If you've been researching post-Brexit EU shipping, you've probably encountered the terms DDP and DAP. They appear in courier documentation, customs guidance, and shipping platform settings — often without much explanation.

Here's what they actually mean for a UK small business, without the jargon.

The core question: who pays the customs charges?

When a parcel from the UK arrives at EU customs, someone has to pay the import duty and VAT before it can be released. The question is whether that someone is you (the seller) or your customer (the buyer).

That's essentially what DDP and DAP determine.

DAP — Delivered at Place

DAP stands for Delivered at Place. Under DAP terms, you as the seller arrange and pay for shipping to your customer's address. But you don't cover the import charges. When the parcel arrives at EU customs, your customer is responsible for paying any duty and VAT before taking delivery.

DAP is the default for most UK small business shipments. If you haven't specifically arranged anything else, you're almost certainly shipping DAP.

The problem with DAP is that your customer often doesn't know they'll face charges until the courier knocks on their door. That's the scenario that causes refused deliveries, negative reviews, and unhappy customers.
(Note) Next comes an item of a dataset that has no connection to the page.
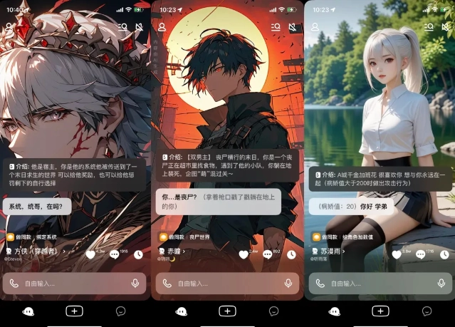 1. 启动猫箱App后,映入眼帘的是类似抖音短视频风格的用户界面。用户只需通过划动操作,就能轻松切换不同的AI角色,并可选择打字或语音两种方式与AI进行互动。

You may also see DAP referred to as DDU — Delivered Duty Unpaid. It's the same thing. DDU is the older term that DAP replaced, but many people still use it.

DDP — Delivered Duty Paid

DDP stands for Delivered Duty Paid. Under DDP terms, you as the seller cover all costs — shipping, import duty, and destination VAT — before the parcel is delivered. Your customer pays a single price at checkout and receives their parcel with no additional charges.

From your customer's perspective, DDP is seamless. The parcel arrives, they sign for it, done. No surprise bills, no customs paperwork, no decisions to make at the door.
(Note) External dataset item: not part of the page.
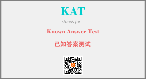 英文缩略词“KAT”经常作为“Known Answer Test”的英文缩写来使用,中文表示:“已知答案测试”。本文将详细介绍英文缩写词KAT所代表英文单词,其对应的中文拼音、详细解释以及在英语中的流行度。此外,还有关于缩略词KAT的分类、应用领域及相关应用示例等。
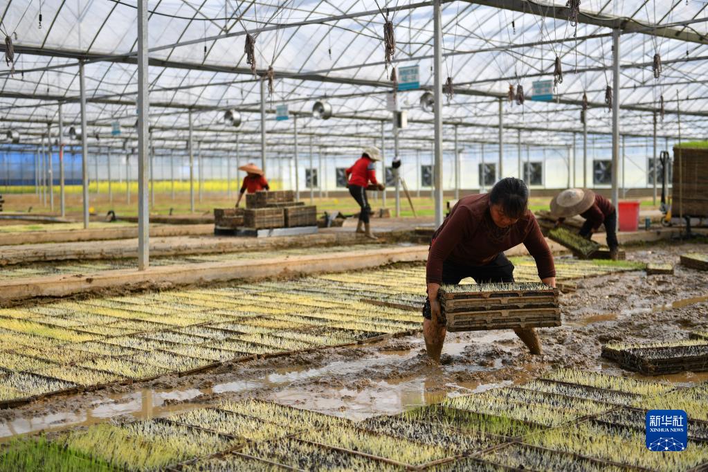 3月15日,農民在向陽(yáng)紅現代農業(yè)智能化集中育秧工廠(chǎng)內放置早稻秧盤(pán)。

From your perspective, DDP means you're taking on the cost and complexity of calculating and paying import charges in advance. You need to either use a carrier that offers DDP services, or register for the EU's IOSS scheme for orders under €150.

Which one should you use?

For most UK small businesses shipping occasional parcels to EU customers, DAP with clear communication is the practical choice. You ship normally, but you tell your customers upfront what they'll face on delivery — using a tool like ClearShip to calculate the exact amount.

For businesses with significant EU sales volume — say, more than 20–30 EU shipments per month — DDP starts to make commercial sense. The investment in setting it up pays off through lower return rates, better reviews, and stronger customer relationships.

The €150 threshold changes things

For orders under €150, the EU's IOSS scheme allows sellers to collect VAT at checkout and remit it directly to EU tax authorities. This is effectively DDP for low-value orders, and platforms like Etsy handle it automatically.

For orders above €150, you're into full DDP/DAP territory and the choice becomes more significant.

The honest bottom line

Most UK small businesses ship DAP because it's the default and requires no setup. The key is to stop pretending DAP doesn't have consequences for your customers. Calculate the landed cost, communicate it clearly, and you'll have far fewer problems than competitors who are still leaving EU customers with unexpected bills at the door.